Lombard duke of Trent

Euin (died 595), also Ewin or Eoin, was the first Lombard Duke of Trent (from 569) during the Rule of the Dukes, an interregnum (575–585) during which the Kingdom of Italy was ruled by its regional magnates, the dukes of the thirty or so cities. Euin participated in several significant wars during his long reign. The primary source for his career is Paul the Deacon's Historia Langobardorum.

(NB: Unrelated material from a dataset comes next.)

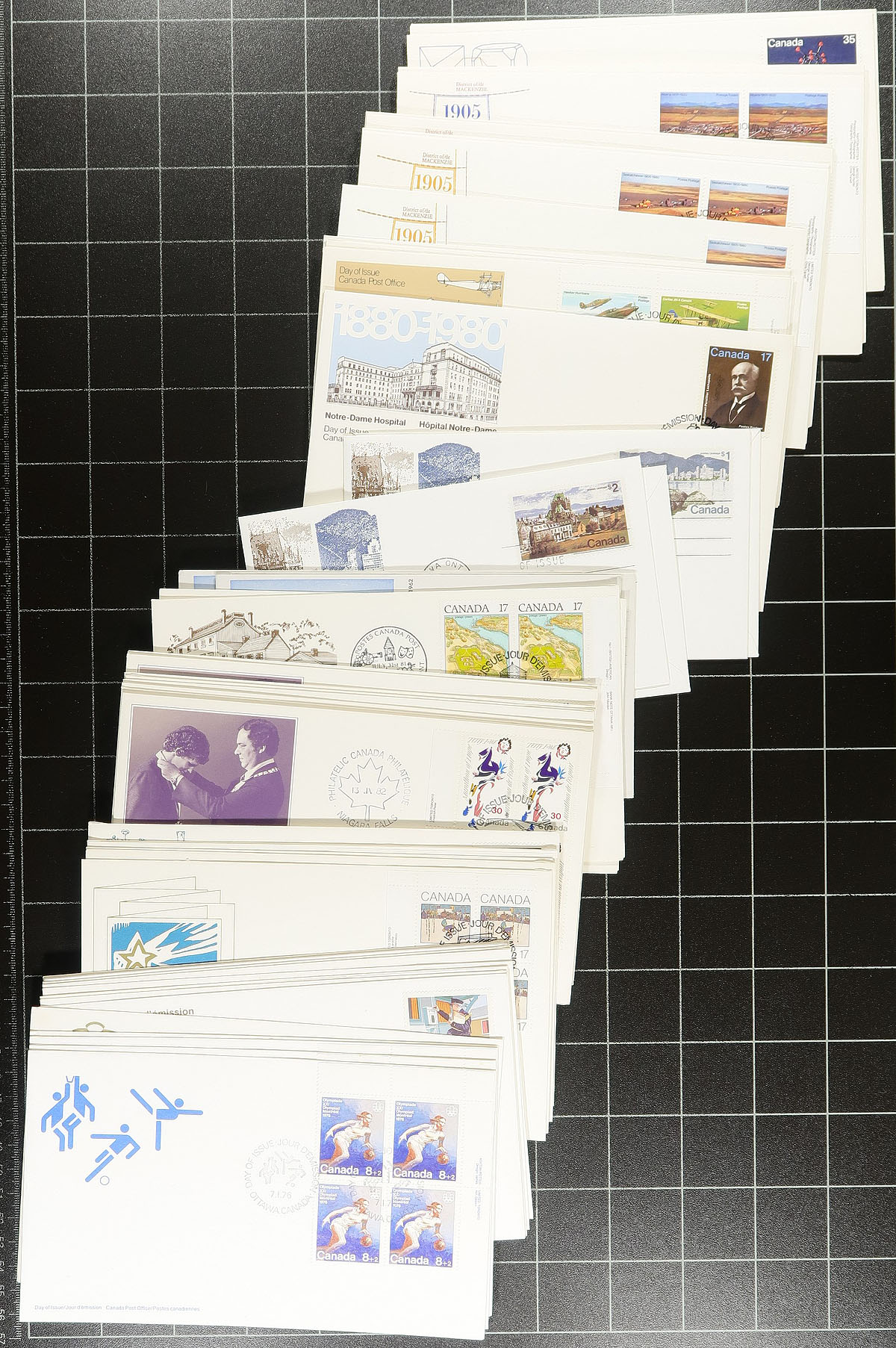 First Day Covers. Accumulation of roughly 750 first day covers in a bankers box, 1960's-1980's, noting singles, sets, plate blocks, souvenir sheet, and high denomination frankings. The lot includes some non cachet covers from the 1960's, with duplication up to 3 for some issues. A nice clean lot for all collectors. Estimate =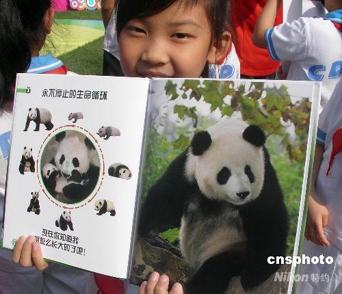 7月16日上午,全球首本由奧運(yùn)大熊貓“晶晶”擔(dān)任主角的科普圖書——《我是晶晶-熊貓成長寫真》中文版在成都大熊貓繁育研究基地舉行了全球首發(fā)儀式。該書歷時兩年策劃、設(shè)計,由企鵝集團(tuán)著名的多林金德斯利公司著,童趣出版有限公司編譯,人民郵電出版社出版發(fā)行。為表達(dá)對震后四川、成都的關(guān)愛,該書的全球首發(fā)儀式安排在成都舉行。中新社發(fā) 楊杰 攝

In 584 the Frankish kings Guntram of Burgundy and Childebert II of Austrasia invaded northeastern Italy. The fortress Anagnis, north of Trent, surrendered to them and was consequently the victim of a plundering expedition by Ragilo, the Lombard count of Lagaris. Ragilo and his army, however, were attacked in the field of "Rotalian" by a Frankish army under Chramnichis. Ragilo and many of his followers, still with their booty, were killed. Chramnichis then moved on to "devastate Trent", but probably this phrase (in Paul the Deacon) refers not to a Frankish occupation of the city itself but just a raid of its environs. At Salurnis, Euin, the duke of Trent, ambushed Chramnichis and killed him. He took the Franks' booty and regained the booty collected by Ragilo. He then drove the Franks from the duchy of Trent.

Paul records that it was around this time, when Sigebert I of Austrasia was assassinated by Chilperic I of Neustria (584), that Euin married a daughter of Garibald I, whom Paul refers to as "king of the Bavarians". The elder sister of Euin's wife was Theudelinda, who in 589 married the Lombard king Authari.

In 587 Authari sent an army under Euin into Istria. By tactics Paul only describes as "plunderings and burnings", Euin established peace for a year and returned with a large tribute for Authari. In 590 Childebert invaded Italy with an army led by twenty dukes, notably Auduald, Olo, and Cedinus. Olo was killed trying to take Bilitio and Auduald, with six other dukes, camped outside Milan waiting for the army of the Byzantine emperor Maurice, which never came. Cedinus, with thirteen dukes, invaded the northeast, and marched west. In the duchy of Trent he destroyed the fortresses of Tesana, Maletum, Sermiana, Appianum, Fagitana, Cimbra, Vitianum, Bremtonicum, Volaenes, and Ennemase. With dysentery racking his army and the Byzantine reinforcements yet to show up, Cedinus made a ten-month truce and returned across the Alps. In May 591, Authari's successor, Agilulf, sent Agnellus, Bishop of Trent, to the Frankish court of Brunhilda to secure the ransom of several Tridentine prisoners captured in the previous war, which he did. At that same time Euin went to the Franks to negotiate a peace, which he did.

Euin was dead by January 595, when he was replaced by Gaidoald, described by Paul as "a good man and a Catholic in religion".